Provided material.
►
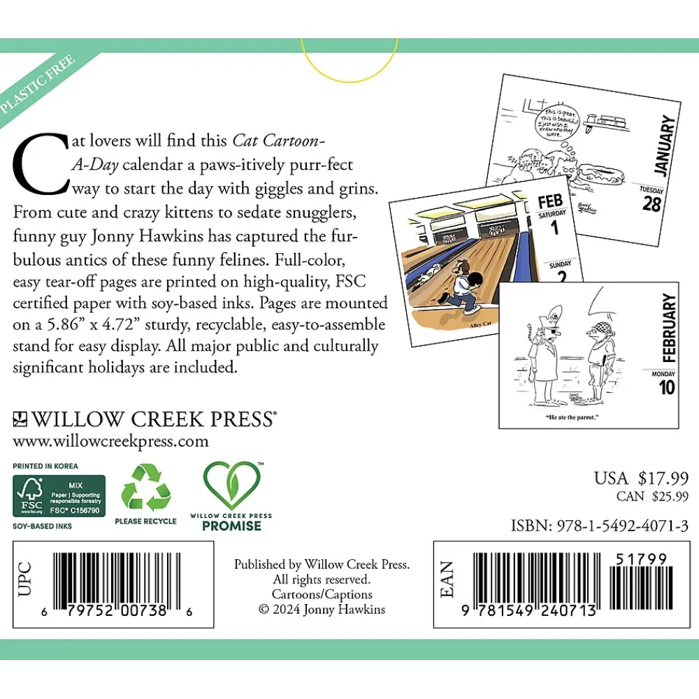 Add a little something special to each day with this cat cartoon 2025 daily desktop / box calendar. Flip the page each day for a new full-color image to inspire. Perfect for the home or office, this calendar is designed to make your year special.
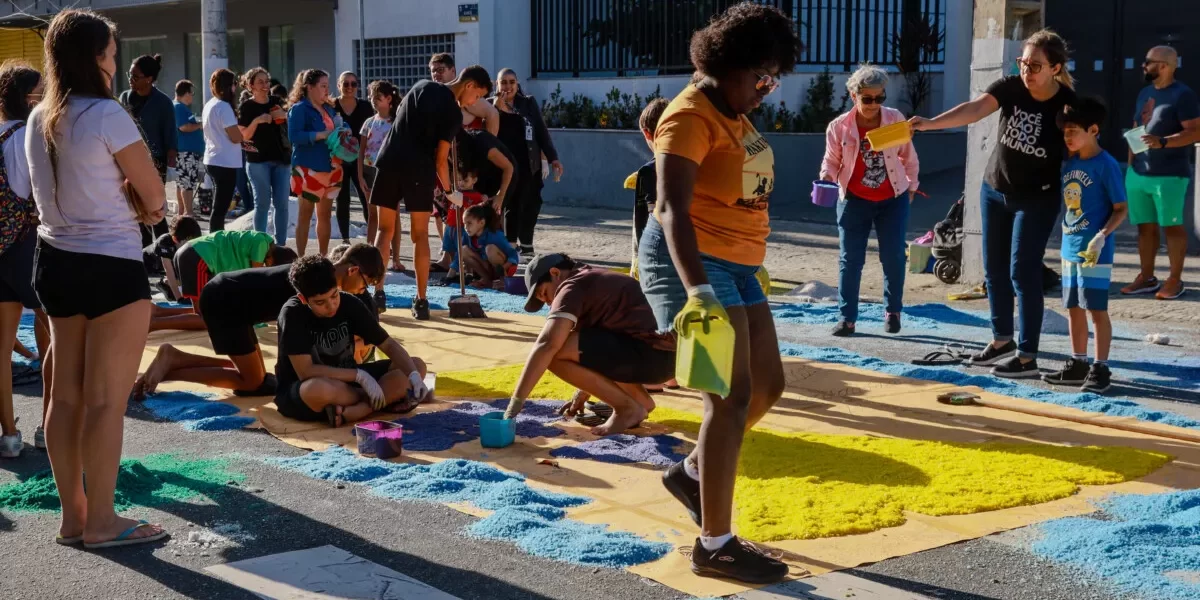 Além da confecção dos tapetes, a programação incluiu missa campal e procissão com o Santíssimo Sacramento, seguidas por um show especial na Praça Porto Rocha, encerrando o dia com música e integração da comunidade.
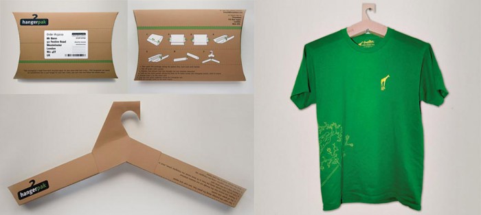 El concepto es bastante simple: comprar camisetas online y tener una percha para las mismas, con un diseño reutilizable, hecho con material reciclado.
◄
What is needed is the whole listing again, set down exactly, without its pictures.

 Add a little something special to each day with this cat cartoon 2025 daily desktop / box calendar. Flip the page each day for a new full-color image to inspire. Perfect for the home or office, this calendar is designed to make your year special.
 Além da confecção dos tapetes, a programação incluiu missa campal e procissão com o Santíssimo Sacramento, seguidas por um show especial na Praça Porto Rocha, encerrando o dia com música e integração da comunidade.
 El concepto es bastante simple: comprar camisetas online y tener una percha para las mismas, con un diseño reutilizable, hecho con material reciclado.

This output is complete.